Cross‐priming of TCD8+ specific for cell‐associated antigens

Abstract

TCD8+ of the adaptive immune system play critical roles in the host defence against viruses and other pathogens through elimination of infected host cells. After infection, TCD8+ proliferate and adopt effector functions following recognition of specific antigenic‐peptides in the groove of a MHC class I molecule expressed by antigen presenting cells (APC). Professional APCs such as dendritic cells (DCs) are specialized for the priming and activation of naïve TCD8+. DCs are the key cell type responsible for T cell priming. They can either be directly infected and present viral antigens (direct‐priming) or phagocytose infected cell debris and process and present phagocytosed antigens to the specific TCD8+ (cross‐priming). Little is known about the actual contribution of direct versus cross‐priming during an immune response against viral infections. Understanding how DCs regulate TCD8+ responses is central for our ability to favourably manipulate the immune system as well as develop effective targeting strategies for optimal anti‐viral and antitumoral vaccination. To determine the contributions of direct versus cross‐priming to the clearance of an in vivo viral infection, we generated a Cre‐indicator transgenic mouse model utilising cutaneous HSV‐Cre infection to conditionally trigger model antigen expression in infected cells. This was expected to enable us to discriminate between virally infected and hence direct‐presenting DCs from uninfected and cross‐presenting ones in vivo for the first time. Unexpectedly, all generated transgenic mouse lines showed various levels of tolerance towards our model antigen due to undesired protein leakiness at steady state. However, TCD8+ in these neo‐transgene expresser transgenic mice possessed antigen ignorant properties and were non‐specifically activated following acute viral infection and the introduction of other innate immune cell ligands. Therefore, although these generated transgenic mice could not be used for their initial study purpose, their varying expression levels of model antigen make them an excellent model for studying peripheral tolerance induction and its maintenance.

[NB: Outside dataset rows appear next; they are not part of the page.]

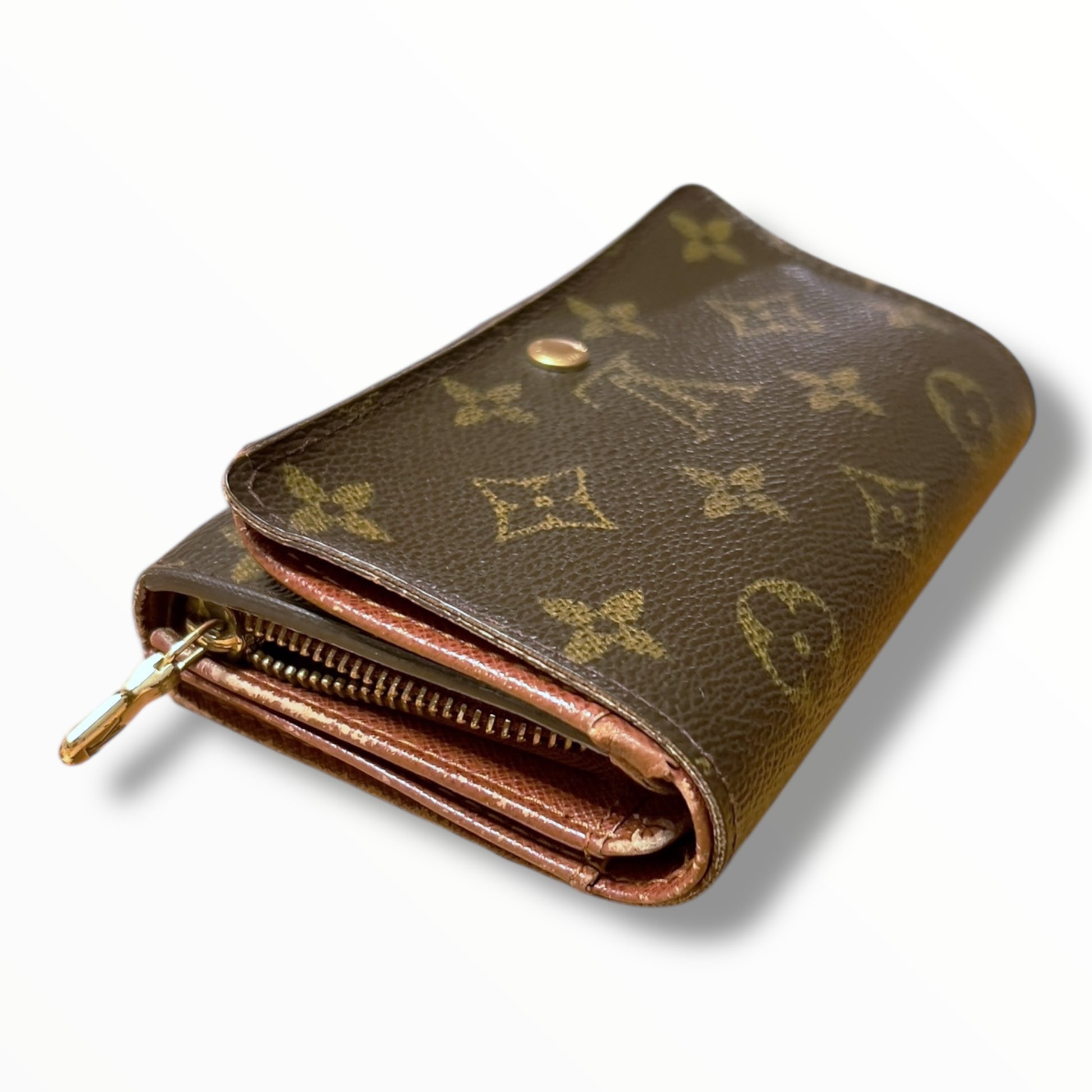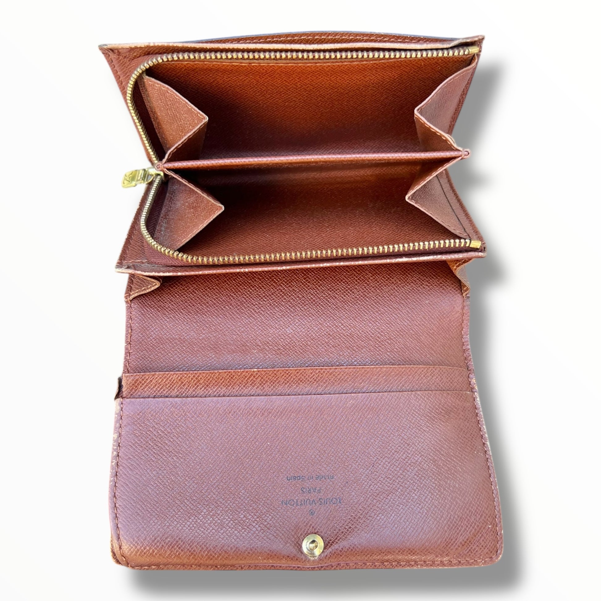 This vintage 2003 wallet has classic Louis Vuitton style, with its monogram canvas and gold-tone details. It’s discontinued, so it’s a rare find and a great addition to any collection.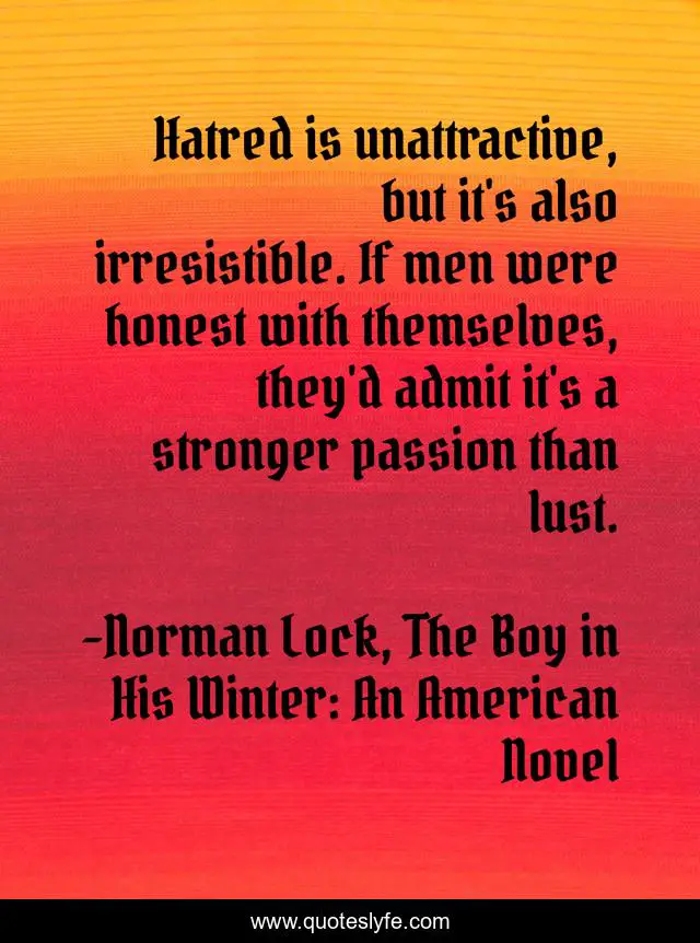 This page presents the quote "Hatred is unattractive, but it's also irresistible. If men were honest with themselves, they'd admit it's a stronger passion than lust.". Author of this quote is Norman Lock, The Boy in His Winter: An American Novel. This quote is about human-nature, huck-finn, lust, human-passion, hate, literary-character-appropriation,.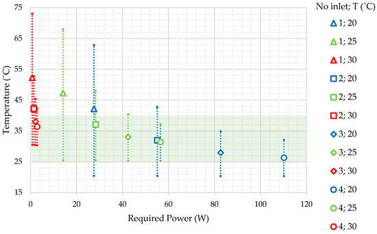 The power required and the resulting temperature of all cooling strategies are plotted in Figure 9. Each strategy is represented by a marker that indicates its required power in x axis, and average temperature in y axis. The marker shape represents the inlet number of one, two, three, and four inlets by triangle, square, diamond, and circle, respectively. The color represents the inlet air temperature of 20 °C, 25 °C, and 30 °C by blue, green, and red, respectively. The dashed vertical line extending from the top and bottom of the markers represent the temperature range of the battery cells resulting in each corresponding configuration. The green shaded area represents the area of optimal operational temperature for the lithium-ion battery.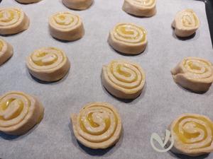 Amikor a tészta megkelt, vékonyan lisztezett deszkán kinyújtjuk téglalap alakúra, kb. 7-8 mm vastagságúra, majd rákenjük a pudingot és feltekerjük egy rúddá. Utána egy éles késsel kb. 1 cm vastag darabokat vágunk le és sütőpapírral bélelt tepsire tesszük a csigákat és ott még egy 10-15 percet kelni hagyjuk.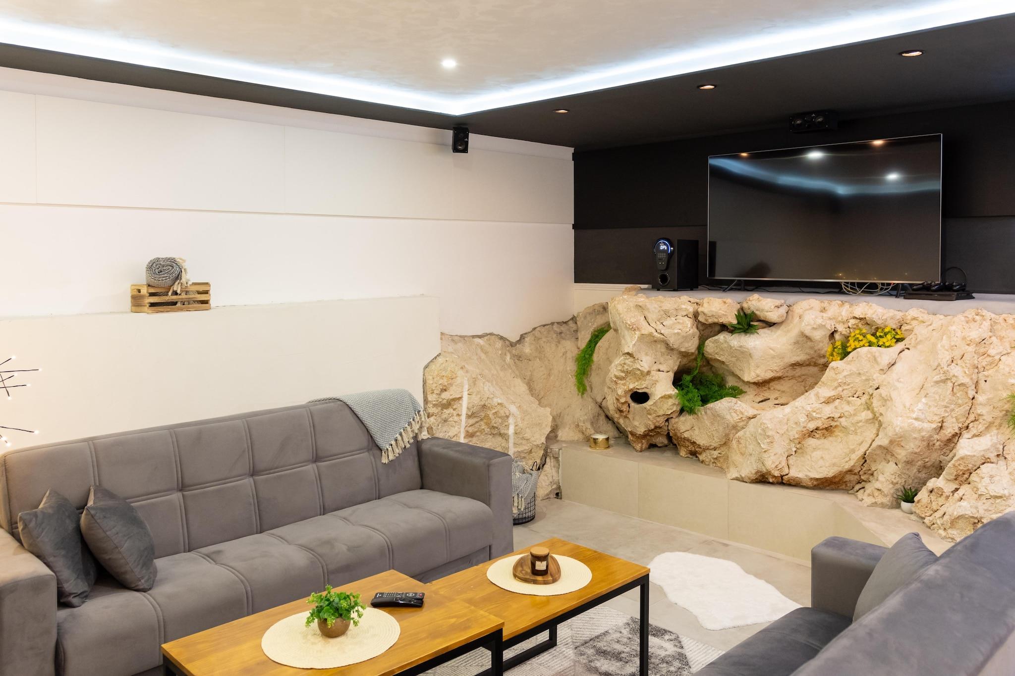 Beliggende i den fredelige landsby Šestanovac, lige inde i landet fra Adriaterhavskysten, er Villa Casa Mia designet til grupper, der ønsker privatliv, komfort og plads til rent faktisk at nyde tiden sammen. Denne villa i ét plan er bygget på en fuldt indhegnet grund og byder op til otte gæster velkommen med en planløsning, der balancerer åbne sociale rum og rolige soveområder. Indenfor åbner villaen ind i en lys, åben stue og spisestue med store glasdøre, der vender direkte ud mod poolterrassen. Stuen har et tv, PlayStation og Wi-Fi, mens det fuldt udstyrede køkken indeholder alt, hvad der er nødvendigt for længere ophold - inklusive et ismaskine-køleskab, kaffemaskine og komplet køkkengrej. Et gæstetoilet og et separat vaskerum med vaskemaskine og tørretumbler tilføjer hverdagens bekvemmeligheder. Alle fire værelser med aircondition er rummelige og komfortabelt indrettede, hver med en kingsize-seng, med to fælles store familiebadeværelser med brusekabine. Udenfor kommer Villa Casa Mia virkelig til sin ret. Den opvarmede private pool med hydromassagebænk, liggestole, parasoller og skyggefulde siddepladser forankrer terrassen. En overdækket udendørs spiseplads med stengrill, en legeplads med trampolin og minigolf samt en indhegnet fodboldbane skaber et ægte udendørsområde for alle aldre. Daglige fornødenheder - supermarked, caféer og restauranter ligger inden for gåafstand, mens Cetina-floden til rafting ligger i nærheden, og strandene nær Makarska ligger en nem køretur væk. Villa Casa Mia passer til gæster, der søger plads, privatliv, familievenlige faciliteter, stærke udendørsfaciliteter og en rolig base nær kysten - uden at betale priser ved stranden eller have at gøre med resortets folkemængder.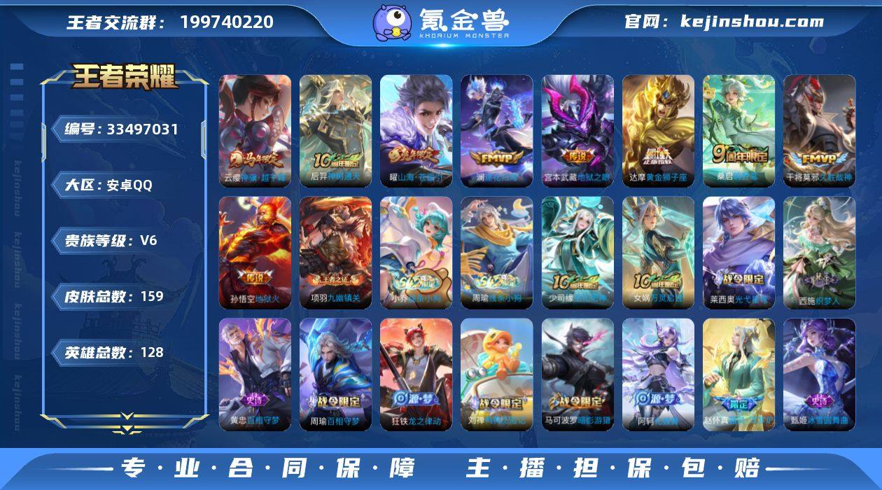 【男神打野带妹号·159皮9传说8按键·山海苍雷引·逐花归海】 安卓Q-V6-永恒钻石IV段位-128英雄-159皮肤-9传说-45史诗 【英雄全皮】:孙权全皮,敖隐全皮 【传说皮肤】:云缨神骥越千峰,后羿神树通天,桑启鸣野蒿,澜逐花归海,曜山海苍雷引,干将莫邪久胜战神,达摩黄金狮子座,宫本武藏地狱之眼,孙悟空地狱火 【限定皮肤】:姜子牙天穹之誓,狄仁杰阴阳师,赵云皇家上将,元歌无心,夏侯惇朔风刀,马可波罗暗影游猎,狄仁杰魔术师,狄仁杰万华元夜,项羽海滩派对,老夫子醍醐杖,程咬金演武夺筹,钟馗驱傩正仪,鬼谷子原初探秘者,百里玄策原初追逐者,裴擒虎李小龙,云中君纤云弄巧,猪八戒西部大镖客,曜山海苍雷引,艾琳女武神,鬼谷子天穹祈灯,沈梦溪龙舞盛年,刘邦剑破天穹,周瑜熔金海岸 【年限皮肤】:曜山海苍雷引 【赛季限定】:夏侯惇朔风刀,老夫子醍醐杖,鬼谷子原初探秘者,狄仁杰万华元夜,程咬金演武夺筹,钟馗驱傩正仪,鬼谷子天穹祈灯,刘邦剑破天穹,姜子牙天穹之誓,东皇太一噬灭天穹,太乙真人谧流熔炉,钟馗虚灵犬护,甄姬逆浪荇歌,亚瑟荣光之誓,百里玄策原初追逐者,项羽九幽镇关 【战令限定】:马可波罗暗影游猎,猪八戒西部大镖客,亚连破空之剑...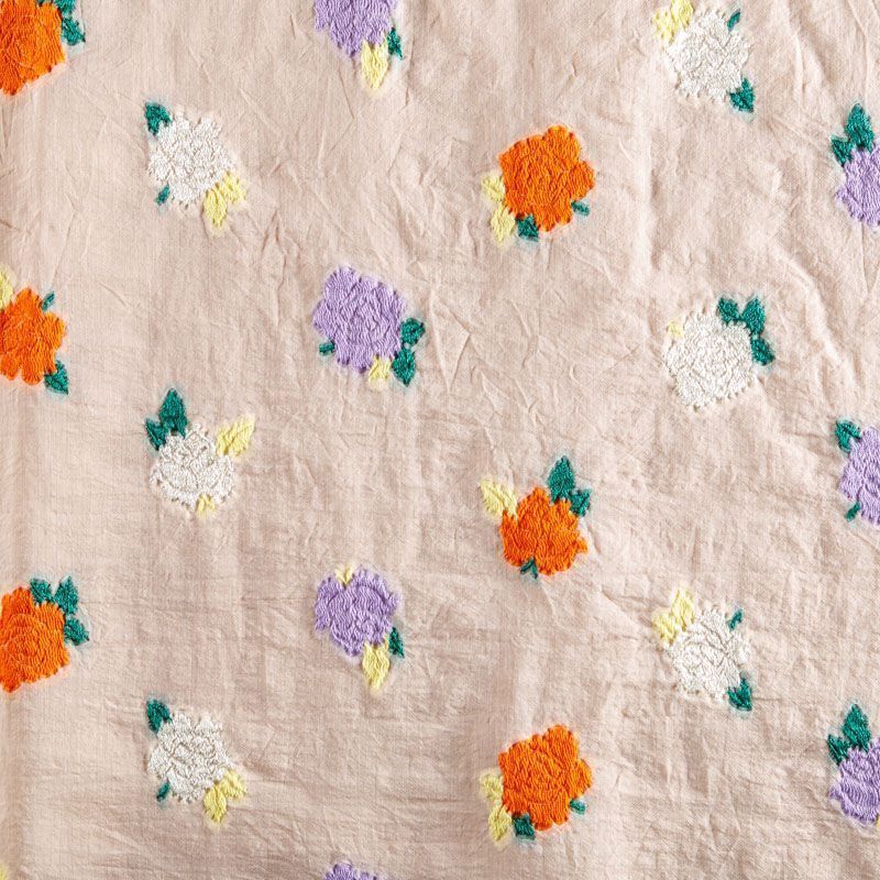 Очень красивый и нежный шелковый батист с цветочной вышивкой. Ткань тонкая, мягкая и легкая, но достаточно плотная, не очень прозрачная, ее прикосновения к телу очень приятны, в изделии из него будет комфортно как в жару, так и в прохладную погоду. Лицевая сторона гладкая, с легким сатиновым блеском. Прекрасно подойдет для пошива летнего сарафана, платья, блузки, топа, туники, костюма в пижамном стиле, широких брюк или юбки.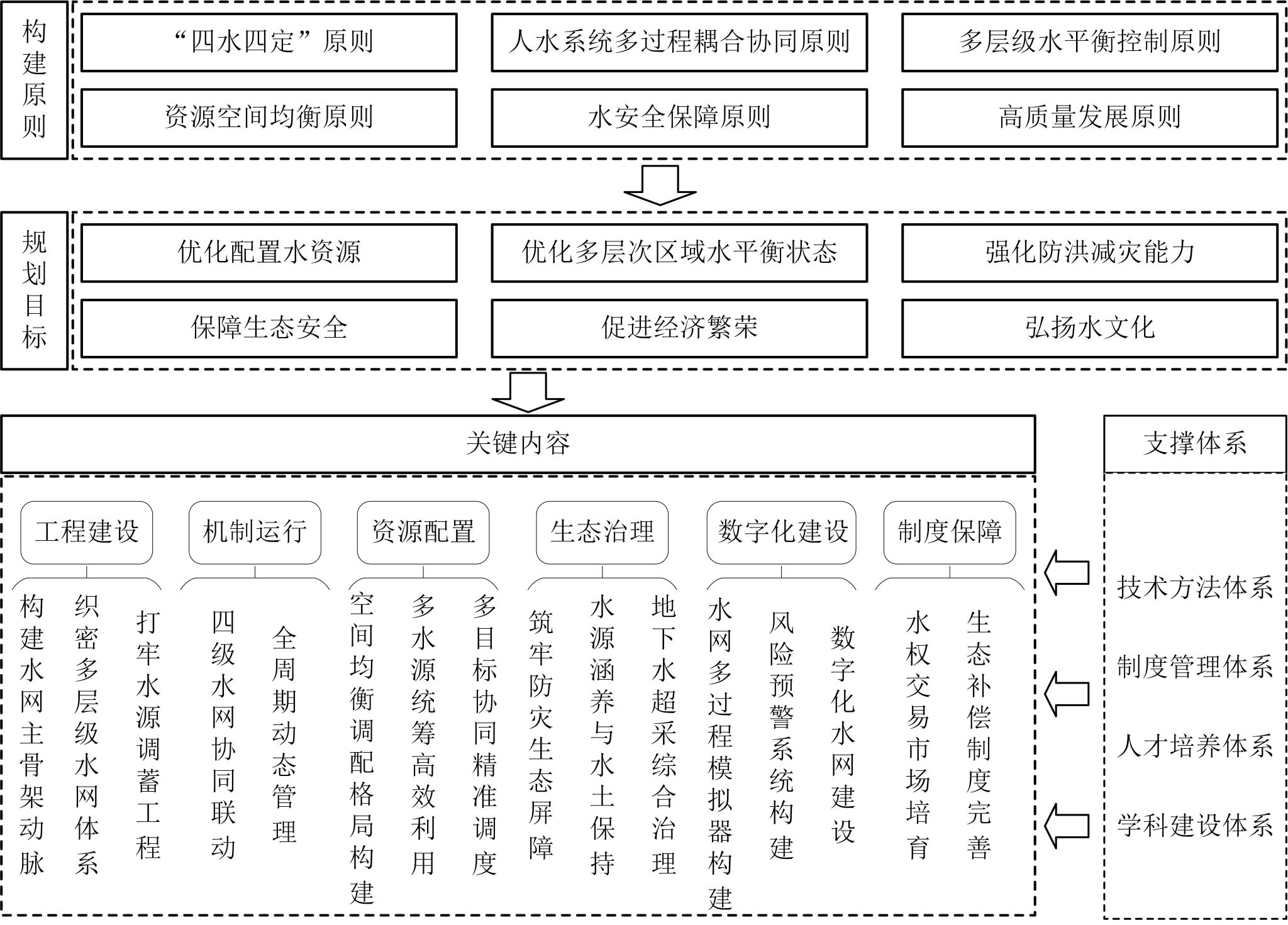 ②制度管理体系:建立健全完善的政策法规体系,明确水网规划、建设、管理及运营的标准与规范,确保工程安全与高效运行;强化水权市场改革,完善水价形成机制,发挥价格杠杆调节作用,促进水资源节约与高效利用;建立跨区域协调机制,促进水网工程区“一主四域”协同治理。

Cross‐priming is especially important for anti‐tumour immunity as tumour cells, although carrying tumour associated antigens, do not activate naïve TCD8+ efficiently due to an absence of co‐stimulatory molecules. Remarkably, our group has recently shown that influenza A virus (IAV) infection of allogeneic cells led to tumour protection due to enhanced cross‐priming of TCD8+ specific to cellular antigen. We have previously demonstrated that this enhancement was partially mediated through TLR7 sensing and entirely dependent on MyD88 and IFN signalling pathways, yet independent of the IL‐1β‐inflammasome. To further increase our understanding of cross‐priming enhancement mechanisms found in our system, we have additionally investigated the involvement of other immunological mechanisms in this thesis. Here, we show that IAV enhanced crosspriming is independent from the IL‐18‐inflammasome signalling pathway but that TCD4+ helper play a surprisingly important role for optimal enhancement. Also, through investigations using Batf3‐/‐ mice, we not only confirm the specificity of CD8α+ and CD103+ DC subsets for cross‐presenting, but also demonstrated that there are two types of cross‐priming outcomes: a baseline cross‐priming that is innate signalling independent and an innate immune signal enhanced crosspriming pathway. Interestingly, both types of cross‐priming events were abolished in Batf3‐/‐ mice. This knowledge will be useful to aid future efforts to develop more robust cancer vaccines.

Finally, efficient antigen processing and presentation of the TCD8+ epitope is a central factor that determines the extent of specific T‐cell responses. Our group has identified the most immunodominant T‐cell response in the Balb/c mice after IAV infection. Interestingly, this novel epitope is encoded by the intronic region of the non‐structural protein mRNA. To dissect the mechanism of such epitope translation, as being either through spliced mRNA translation or generation using an alternative open reading frame (AltORF), we disabled splicing mechanisms and discovered that generation of the novel epitope occurred through AltORF translation. We will focus on the identification of the exact mechanism(s) underlying the efficient generation of this novel epitope as such mechanisms may provide a great opportunity for developing more efficient IAV T‐cell based vaccine strategies.